Tantôt le suicidé philosophique est dit proche de Schelling, théoricien — en 1795 — d'un « moment de la contemplation » où, comme dans l'homicide de soi-même, « temps et durée pour nous s'abolissent » ; tantôt il est accusé de bergsonisme, tantôt au contraire « l'organisation très rigoureuse du temps » dont témoigne son acte fatal milite contre toute référence à la durée bergsonienne ; tantôt enfin la stratigraphie des « couches de temps » qui écrasent sa pachyméninge comme une énorme valise en cuir de vache s'explique à l'aide d'un « recours au concept aristotélicien du temps » que le désespéré n'aurait fait que démultiplier, ou bien elle apparaît comme une résurgence de la symbolique trinitaire telle qu'elle se présentait chez Josquin des Prés !

(Raymond Doppelchor, Océanographie du Rien)

Le vigile (Stephen Dixon)


Ça fait longtemps que je cherche du boulot, je ne trouve rien, jusqu'au jour où je tombe sur une offre pour un agent de sécurité. Je me présente, la personne qui fait passer les entretiens dit : « Vous êtes vraiment trop vieux pour ce boulot, mais vous avez l'air agile, et on a tellement besoin de personnel ces temps-ci, surtout des gens de votre couleur et de votre carrure. C'est une branche en pleine expansion, il y a partout des vols dans les magasins et les immeubles, vous pouvez commencer dès demain si vous voulez, à deux cents dollars la semaine, mais il faut tout d'abord que je sache une chose : s'il le faut, est-ce que vous êtes prêt à vous servir d'une matraque pour taper sur la tête de quelqu'un ?
— Je ne sais pas.
— Ce n'est pas une réponse.
— Eh bien, je pense que oui.
— Ce n'est pas non plus une réponse suffisante.
— En fait oui, pourquoi pas ? Vous voulez dire si je travaille dans un magasin, et que quelqu'un débarque avec une arme pour tout dévaliser ?
— Non, je veux dire si vous surprenez un spinoziste s'amusant à opposer à la conception transcendante du divin une philosophie matérialiste de l'immanence, par exemple.
 
Alors là, sans problème. Je cogne. »

(Étienne-Marcel Dussap, Forcipressure)

Panacée


Le viaduc de Garabit, dans le département du Cantal, est tellement investi de la confiance publique qu'on s'y transporte de toutes parts pour opérer la guérison des rhumatismes chroniques, pour la paralysie, pour les maladies scrofuleuses et rachitiques, et même pour l'haeccéité

L'emploi thérapeutique de cet ambitieux ouvrage métallique, qui culmine à 122 mètres au-dessus des gorges de la Truyère, est d'une simplicité biblique, et son efficacité quasi miraculeuse : on enjambe le parapet, et quelques instants plus tard, on ne souffre plus. Adieu rhumatismes, adieu scrofules et rachitisme ! Adieu détestable haeccéité !

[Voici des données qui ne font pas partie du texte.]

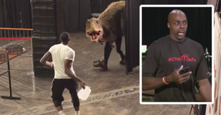 這些NBA球員在球場中走到一半,一隻超大隻的恐龍就出現要把他們的頭給咬掉!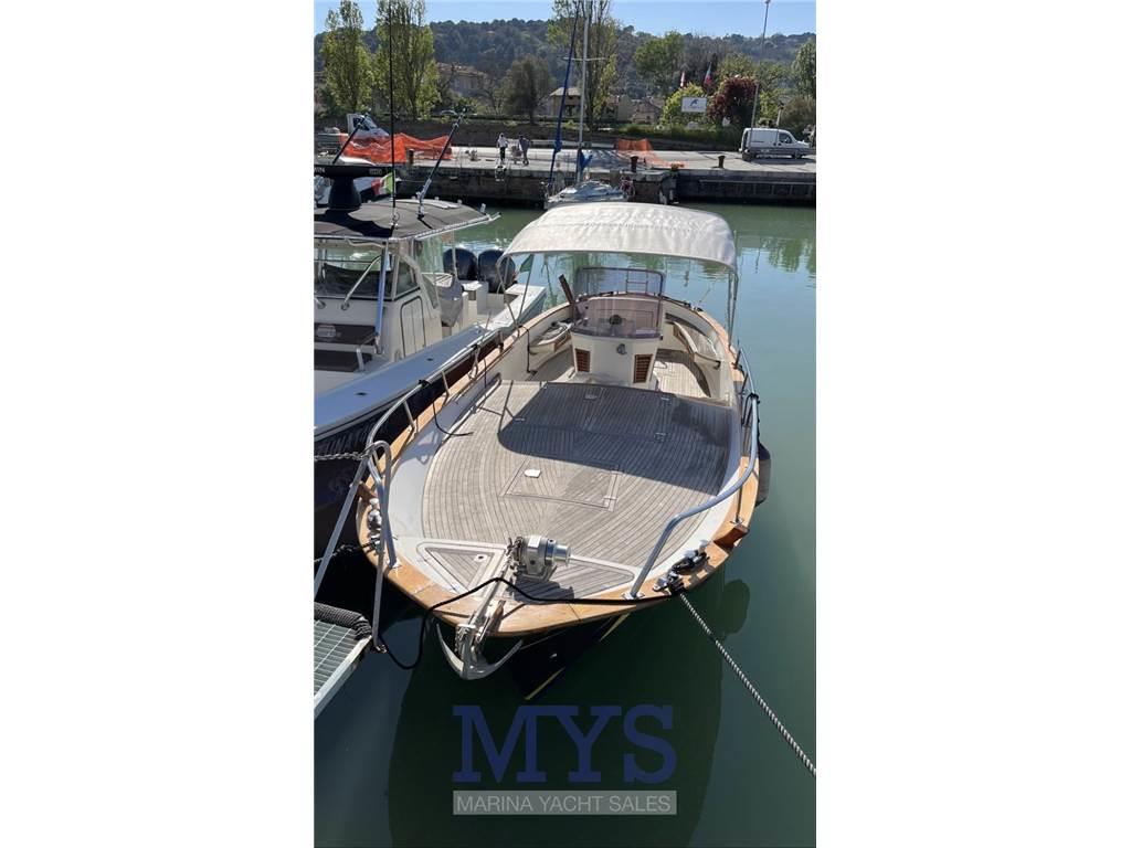 Notas internasNotas de la instrumentaciónStrumenti motorePilota automatico Vericcello elettrico Elica di prua Batterie Caricabatteria Autoclave Doccetta esterna Pompa di sentina manuale Pompa di sentina elettrica Notas de armamentoPozzetto e coperta in teakCuscineria completa Tendalino parasole centro barca Telo copriconsole Telo coprisedile Scafo color verde Barca manutentata in maniera impeccabile. Tutti gli anni il rimessaggio invernale è stato fatto al coperto. Lavori di manutenzione eseguiti negli ultimi anni: 2020 carteggiate e verniciate banda e fiancate 2019 montata nuova bussola retroilluminata 2017 rifatta tutta la coperta in teak |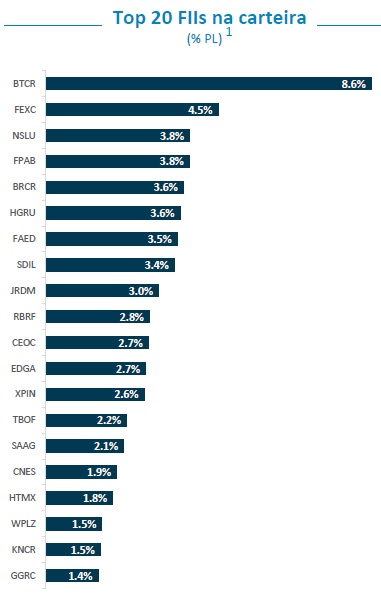 Dos fundos mencionados acima, BTCR11 é aquele com maior peso, tendo uma participação de 8,6%.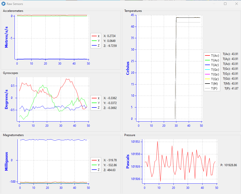 The plots include accelerometer, gyroscope, and magnetometer readings. Temperature readings are provided for a range of sensors, including T(Ax), T(Ay), T(Az) for the accelerometer axes; T(Gx), T(Gy), T(Gz) for the gyroscope axes; T(M) for the magnetometer; and T(P) for the pressure sensor.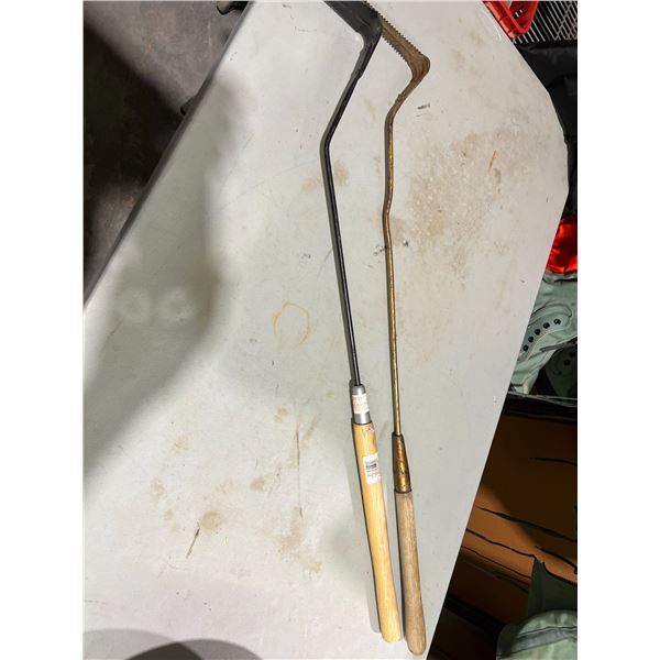 TWO WEEDING TOOLS AND PLANTER WHEELS

(Robert Férillet, Nostalgie de l'infundibuliforme)

La peur de vivre


« Que de fois nous mourons de notre peur de mourir ! » s'exclame Sénèque dans son opus Sur la tranquillité de l'âme. Cela est vrai, sans doute, mais qu'est-ce que la peur de mourir en regard de la peur de vivre, incommensurablement plus terrifiante ? Écoutons à ce sujet le poignant témoignage de Jane :

« J'ai trente ans. Et je me demande bien à quoi je sers. Qui je suis. Où je vais. Cela vous tombe sur la tête un jour, comme un coup de massue. Je ne sais pas ce que j'aime, je ne sais pas qui je suis. Je travaille dans un bureau. Les journées sont longues, très longues. [...] Je sais que je suis capable de beaucoup. À dix-neuf ans, j'ai quitté mon pays pour le Canada, pour faire du théâtre expérimental. [...] Huit ans plus tard, retour chez moi. Aujourd'hui, je travaille avec papa dans une entreprise de désinsectisation. Je passe mes journées à faire des factures. J'ai peur. Oui j'ai tellement peur... de vivre. » 

Eh oui, chère Jane, vous venez tout simplement de découvrir l'inanité de l'existence. Mais à ce mal, il existe un remède, et vous l'avez sous la main, sous forme de poudres et d'aérosols : le Moi n'est-il pas lui aussi une sorte d'insecte — et des plus nuisibles ?

(Johannes Zimmerschmühl, Pensées rancies et cramoisies)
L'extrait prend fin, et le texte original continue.